Citons tout d’abord les bouleversements qui ont touché le pasteur en place. En 1939, lors du déclenchement de la guerre, C’est Erwin Teutsch (né à Hatten le 6 avril 1873 – mort à Munster le 16 juin 1950) qui est pasteur de Sarrebourg depuis le décès de Charles Rott, en 1930. Depuis 1936, il dessert aussi la paroisse d’Abreschviller-Lafrimbolle. Mais après l’armistice de 1940 et l’annexion de fait de l’Alsace-Moselle au IIIe Reich, ses positions anti-nazies le rendent persona non grata aux yeux de l’occupant. Il est démis dans la foulée de ses fonctions par l’administration nazie et forcé de quitter l’Alsace-Lorraine. Un pasteur allemand plus coopératif, Heinrich Ludwig Leppla, est nommé pour le remplacer. Ce n’est que le 27 novembre 1944, quelques jours après la libération de Sarrebourg le 20 novembre, qu’Erwin Teutsch, avec quelques expulsés de la première heure, peut revenir à Sarrebourg. Il y participe même, avec 19 autres personnes (dont le maire Émile Peter, l’archiprêtre Dorr et le rabbin Lévy), au Comité Local de Libération de Sarrebourg.

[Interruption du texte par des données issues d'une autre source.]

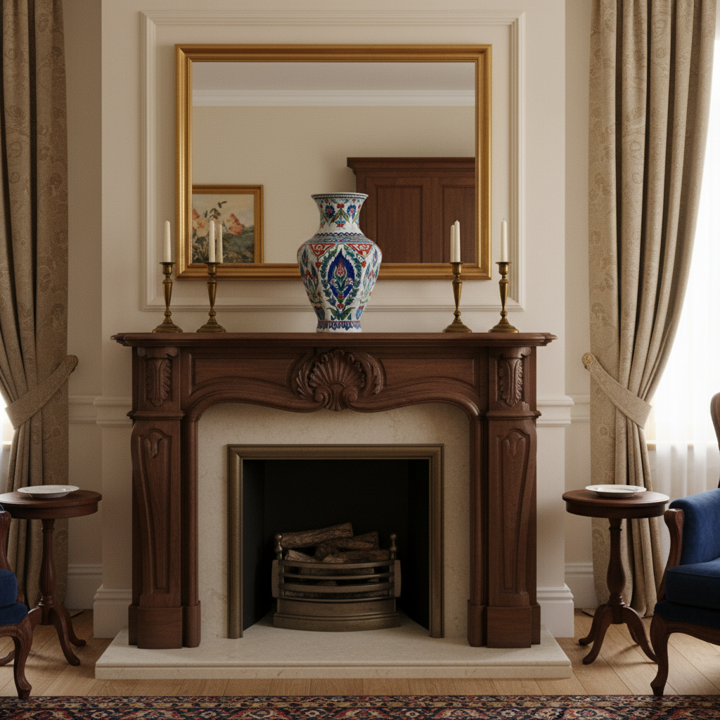 A Canvas of Panels The faceted shape creates individual panels, and the artist has treated the central panel as a framed canvas. Here, a magnificent Blue Cypress Tree rises, acting as a vessel for blooming Red Tulips. This “pattern within a pattern” is a hallmark of high end Iznik artistry, representing the “Tree of Life” bursting with energy.

Erwin Teutsch restera ensuite pasteur de Sarrebourg jusqu’à sa retraite, en 1949.

Voir aussi : Liste des pasteurs de la paroisse réformée de Sarrebourg

Le verset du tympan, tel qu’il apparaît sur une photo de 1939.

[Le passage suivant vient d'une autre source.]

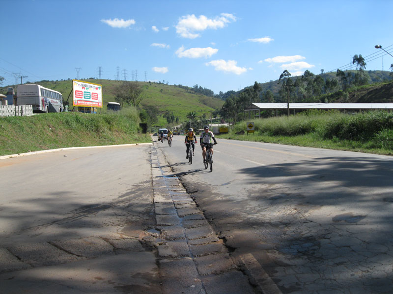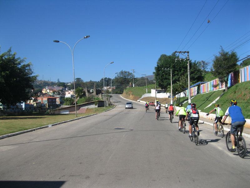 Fui pela Corifeu – Autonomistas – Romeiros saindo do Morumbi foi bem rápido, cheguei muito cedo e hoje era dia do XI Encontro Antigomobilismo de Santana de Parnaíba um evento da Federação Brasileira de Veiculos Antigos (FBVA) então o centro histórico estava com acesso restrito e tive que estacionar perto da Estrada dos Romeiros mesmo. Rodei um pouco pelo Largo da Matriz aguardando a chegada da galera, o Flávio que costuma pedalar com o Olavo de Sábado chegou logo em seguida. Quando a caravana chegou foi impedida de estacionar nas proximidades e indicaram um terreno da prefeitura a uns 500 metros do monumento como local seguro para estacionar, eu e o Flávio seguimos de bike para lá e em poucos minutos estavamos pedalando pela Estrada dos Romeiros com o pessoal.

D’autres changements affectent le bâtiment lui-même, cette fois. Le verset qui ornait encore le tympan du portail sur une photo de 1939 a été martelé, probablement par les nazis eux-mêmes ; à moins que ce soit directement à la Libération. Il était écrit sur ce tympan : « Kommet her zu mir, die ihr mühselig und beladen seid, ich will euch erquicken. » (« Venez à moi, vous tous qui êtes fatigués et chargés, et je vous donnerai du repos. » Matthieu 11.28-30). Ceux qui figuraient dans le chœur au-dessus des deux portes menant à la sacristie ont quant à eux été réécris en français peu après la guerre : « Ne crains point, crois seulement » (Marc 5.36) et « Il n’y a de salut en aucun autre » (Actes 4.12). Ils seront finalement recouverts d’enduit vers 1965 par le pasteur Jean-Paul Bachschmidt (pasteur de Sarrebourg de 1964 à 1978). Un autre verset figurait encore sur une frise en haut du mur de la sacristie ; il était resté en allemand celui-là (« Gib mir, mein Sohn, dein Hertz, und lass deine Augen meine Wege wohlgefallen. » / « Mon fils, donne-moi ton cœur, et que tes yeux se plaisent dans mes voies. » Proverbes 23.26). Il subira le même sort que les versets du chœur et sera lui aussi effacé.

Photo de la chorale, prise dans la sacristie en 1900 (photo F. Bornée). On aperçoit le verset sur la frise en haut du mur.